Inquiry: They are barbarians

They are barbarians. (Noisy retreat groups!)

  1. True?
    No. Although it feels that way sometimes. I can find stories that tells me it is true. I can find others who agree.
  2. Sure?
    No. Just an opinion.
  3. What happens when I believe that thought?
    • I get frustrated. Attention goes to the sounds of heavy breathing, swallowing, fidgeting, unwrapping cough drops and candy, unscrewing water bottle lids and drinking, and so on.
    • I repeat to myself all the noisy and distracting things people in this and past retreats do.
      • At the previous retreat, I sat next to a woman who when awake was a noisy breather, fidgeted, unwrapped and ate hard candy (!), and drank water from her water bottle, and when asleep – which was most of the time – breathed even heavier bordering on snoring.
      • At this one, I was again sitting next to a noisy breather, forcing his breath through constricted nostrils, and one who was unwrapping cough drops and drinking water. (He was excused since he had a cold.)
      • Sometimes, there is an epidermic of swallowing going on, someone in the room swallowing heavily every two or three seconds. Other times, it may be down to just a few every minute.
    • I compare them with my old Zen group, where people were quiet. And if they were not, the teachers would shout “sit still!” or “wake up!”.
    • I complain to myself about the teachers of this group. Why can’t they give the basic instructions and guidelines that all my Zen teachers did?
      • Quiet breathing. If you breathe noisily, it is too forced.
      • Sit still. If there is an itch, just let it itch. Notice what the mind does with it. Only move if there is genuine danger of injury.
      • Reduce swallowing. Place your tongue against the back of the upper teeth, create a small suction between the tongue and the roof of the mouth and collect saliva there. (When I do that, I can easily sit for a period without having to swallow.)
    • I complain to myself that it is difficult to do my practice under these conditions. Even if I know I am distracting myself, I find it difficult to work with it and get it to the point where I can do my practice even approximately as focused as when I am on my own. “They are ruining my practice.”
    • I make my own views right and their wrong. I mentally find an ally in the Zen tradition and my old Zen teachers. Then, I realize that they too would see that I am just caught up in my own hangups. They wouldn’t be on my side in that way.
    • I get distracted. Attention goes to all the sounds and my stories about it and reactions to it. I experience discomfort. I get jittery. I wish I was somewhere else. I consider going home.
    • I exaggerate the situation in my mind. My thoughts compile all the worst examples from four retreats, and combine it into one grotesque image. Whenever someone swallows, all of that comes up so something innocent becomes something much worse in my own mind.

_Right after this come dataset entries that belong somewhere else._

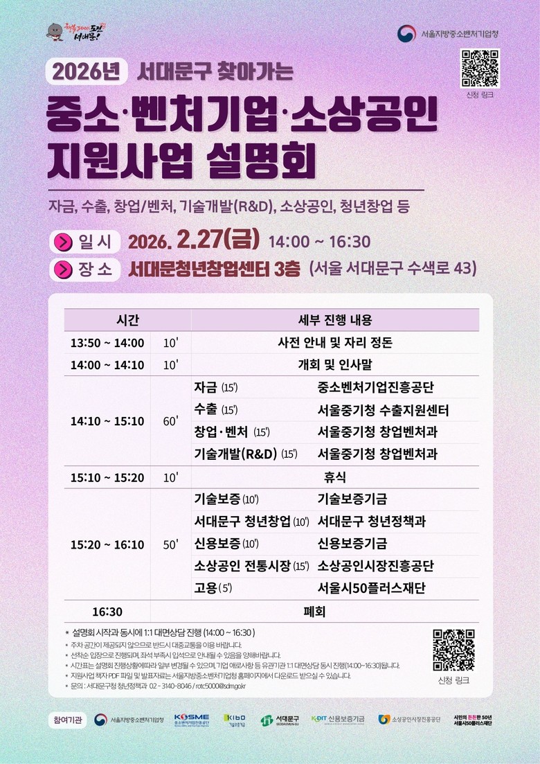 구와 정부가 추진하는 다양한 사업을 안내하기 위해 마련됐으며 서대문구와 서울지방중소벤처기업청이 공동 주최·주관하고 서대문구, 서울지방중소벤처기업청 수출지원센터, 중소벤처기업진흥공단, 소상공인시장진흥공단, 기술보증기금, 서울시50플러스재단, 신용보증기금이 참여한다.
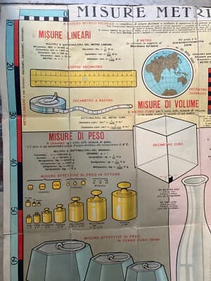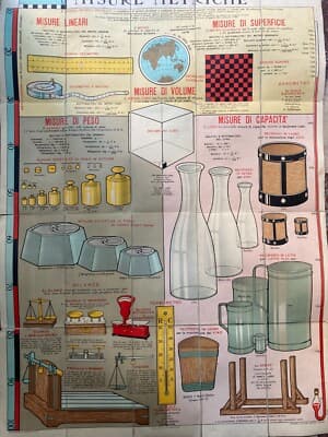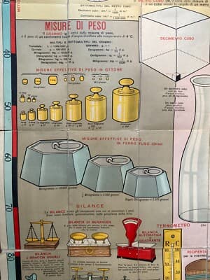 Scienze Metriche: Misure, Termometro, Bilance, Pesi, Capacità. Grande Stampa Antica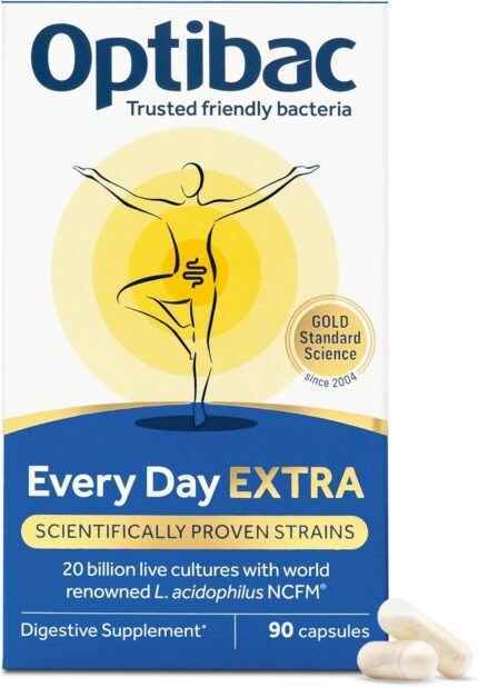 Optibac Probiotics Every Day Extra – Advanced Digestive Probiotic Supplement – Most Researched Lactobacillus Acidophilus – 90 Vegan Capsules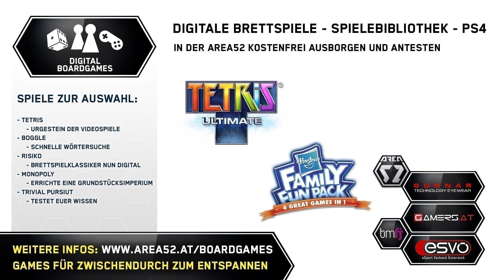 | Eintritt: | Digitale Brettspieler – Kostenlos AREA52 Tageskarte – 6 Euro |
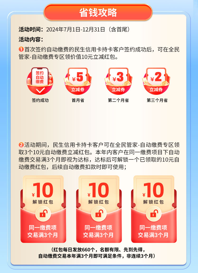 ②活动期间,民生信用卡持卡客户可在全民管家(充值缴费)自动缴费交易达标活动页面领取3个10元自动缴费立减红包。本年内客户在同一缴费项目下自动缴费交易满3个月即视为达标(可多个缴费项同时签约自动缴费、也可单个缴费项目连续达标),达标后即可解锁一个已领取的10元自动缴费立减红包,共可解锁3个10元红包,后续自动缴费扣款时即可使用;若客户未达标,则已领取的红包处于锁定状态,若在有效期内未解锁,则超出有效期后自动作废(红包有效期以页面展示为准)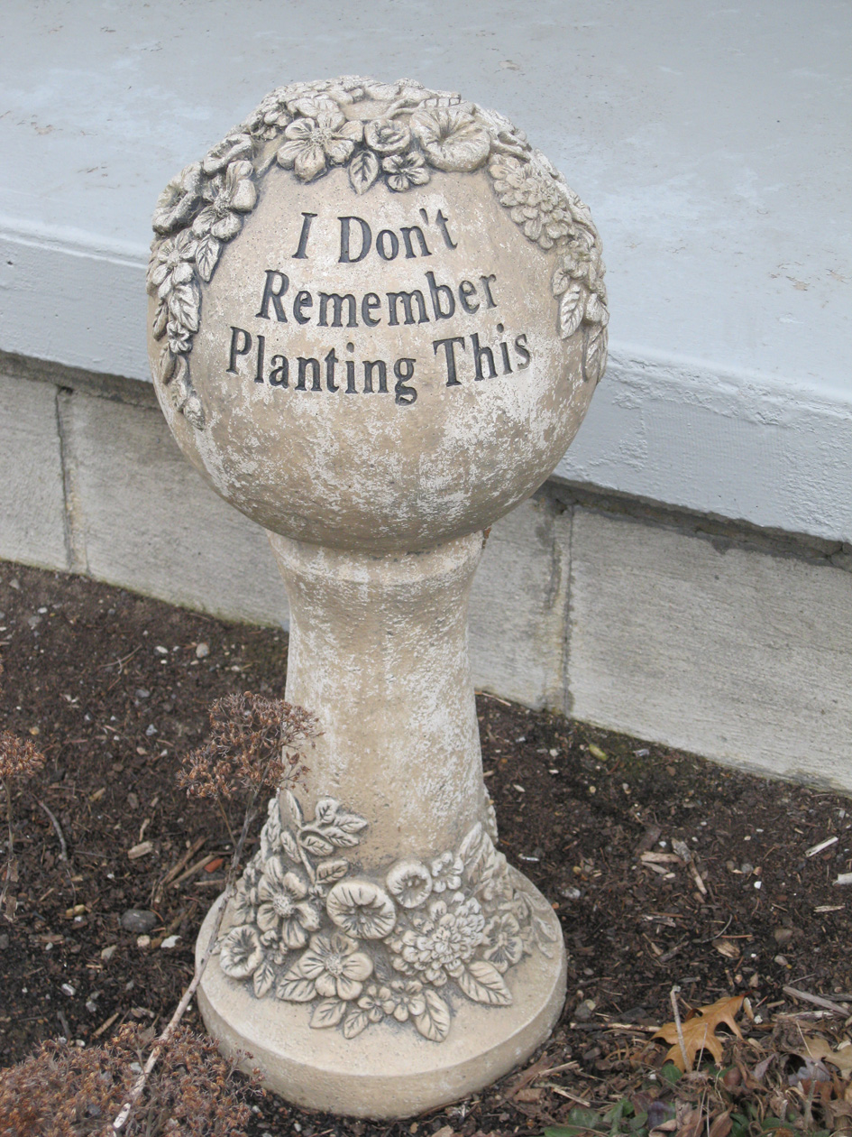 Years ago I got home from work and my mother was waiting, she had dinner on the table and told me to hurry up, change and eat because she wanted to go to the garden center before it closed to pick something up. She was so excited but she wouldn't tell me what she bought, only that it was the only one they had. What she bought was a garden ornament shaped like a gazing ball on a column, only it was made out of cement and said "I don't remember planting this" It was her pride and joy. it was heavy and every year I had to move it onto our covered patio for the winter. Now it is in my front garden standing over a patch of bulbs I planted. I figured well, she won't remember planting THESE! Here's to you Mom! Thanks for all the sewing, cooking and gardening lessons.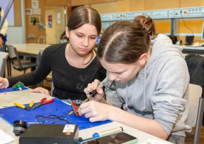 In der Elektrotechnik erhalten die Mädchen einen Lötbausatz, der speziell für Einsteiger/innen entwickelt wurde. Schritt für Schritt werden Bauteile wie Widerstände, LEDs und Schalter etc. auf die Platine gelötet. Am Ende haben die Mädchen eine eigene Solarleuchte entwickelt, und in ein Gurkenglas eingebaut – nachhaltig und funktional.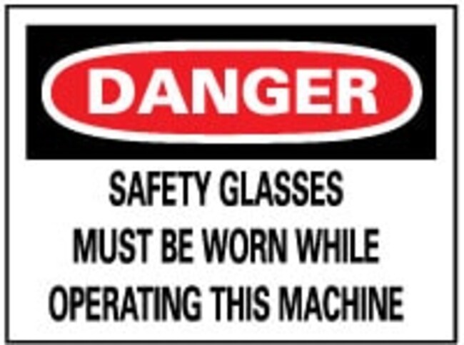 Sign: Rectangle, "Danger - Safety Glasses Must Be Worn While Operating This Machine"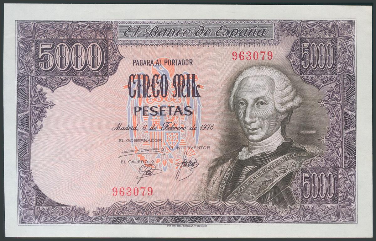 5000 Pesetas. 6 de Febrero de 1976. Sin serie. (Edifil 2017: 475). SC-.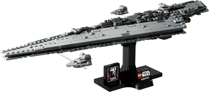 Il modello è accompagnato da due “piccoli” Star Destroyer, è posizionato su un piedistallo e oltre alla targhetta ha anche il mattoncino celebrativo dell’anniversario del film. Sarà in vendita a partire dal primo maggio sul sito LEGO.com a soli 69,99 euro.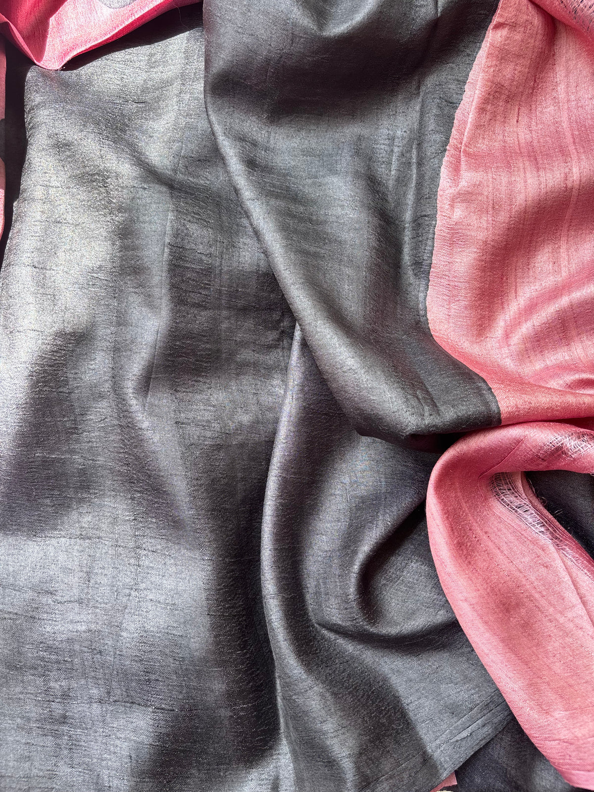 The Peach Tussar Saree embodies the rich texture and natural sheen of tussar silk, enhanced by a soft, warm peach hue. Its breathable fabric ensures comfort, while the graceful drape reflects meticulous craftsmanship. Perfect for festive occasions and elegant gatherings, this saree offers a refined blend of traditional artistry and contemporary sophistication.

    • I take it as a personal insult. I take it personally.
    • (Of course, this is an exaggeration of what happens, although the elements are there sometimes. Here I am exploring it in an amplified way.)
  4. Who would I be without it?
    • Without beliefs about the sounds, attention wouldn’t get drawn into it. Attention would be free to go somewhere else. I would be peaceful. Focused. Working on the practice. (As I do in retreats with quiet groups or on my own.)
    • I see the thought of them being barbarians, and the whole situation, as quite comical. I see the comedy in getting caught up in that story. I also see how it is just the preference of this one personality and not personal at all – it has infinite causes. And there is no need to take it seriously or be identified with it.
  5. Turnarounds.
    • They are not barbarians.
      • No. They are just sitting there. Hardly barbarians.
      • They follow the norms of that particular group, and those norms are quite different from those of Zen retreats. They are doing what they are told, and not doing anything they are not told to do.
      • Also, they help me see my own hangups, even if it is uncomfortable.
    • I am a barbarian.
      • Yes, when I go into these stories about them, I am the barbarian.
      • I make them into slobs and barbarians in my own mind, which is crude and barbarian itself.
      • I think I am right and they are wrong, which also is pretty crude and barbarian.